**Action item**:
Pictures aside, the data must be reproduced exactly.

**Information provided**:
┌────────
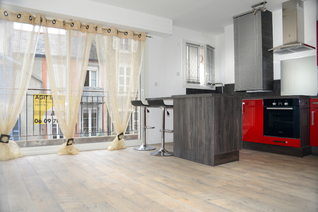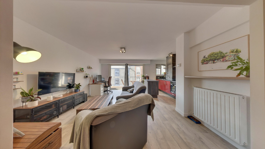 Au deuxième étage avec ascenseur d'une Résidence située entre les Halles et le Tribunal, vaste appartement deux pièces entièrement rénové, belle cuisine équipée ouverte sur le séjour, grande chambre avec placard, salle d'eau avec wc et coin buanderie, grand balcon, prestations de qualités : électricité récente, volets roulants motorisés, nombreux rangements... une cave complète le tout. Actuellement libre, peut également convenir pour un projet locatif. Copropriété de 12 lots (Pas de procédure en cours). Charges annuelles : 1080 euros.
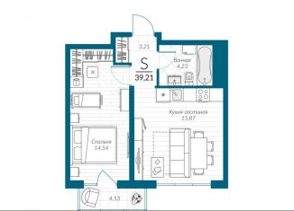 Однокомнатная квартира на продажу, 34.4 м2
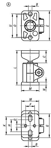 Produktinformationen "Rohrverbinder mit Fuß, für Rundrohre, M=30, G=40, L=58, A=18,1, Form:A mit Kugelgelenk, Aluminium, Komp:Stahl - K0477.5181"
└────────
**Written response**:
 Au deuxième étage avec ascenseur d'une Résidence située entre les Halles et le Tribunal, vaste appartement deux pièces entièrement rénové, belle cuisine équipée ouverte sur le séjour, grande chambre avec placard, salle d'eau avec wc et coin buanderie, grand balcon, prestations de qualités : électricité récente, volets roulants motorisés, nombreux rangements... une cave complète le tout. Actuellement libre, peut également convenir pour un projet locatif. Copropriété de 12 lots (Pas de procédure en cours). Charges annuelles : 1080 euros.
 Однокомнатная квартира на продажу, 34.4 м2
 Produktinformationen "Rohrverbinder mit Fuß, für Rundrohre, M=30, G=40, L=58, A=18,1, Form:A mit Kugelgelenk, Aluminium, Komp:Stahl - K0477.5181"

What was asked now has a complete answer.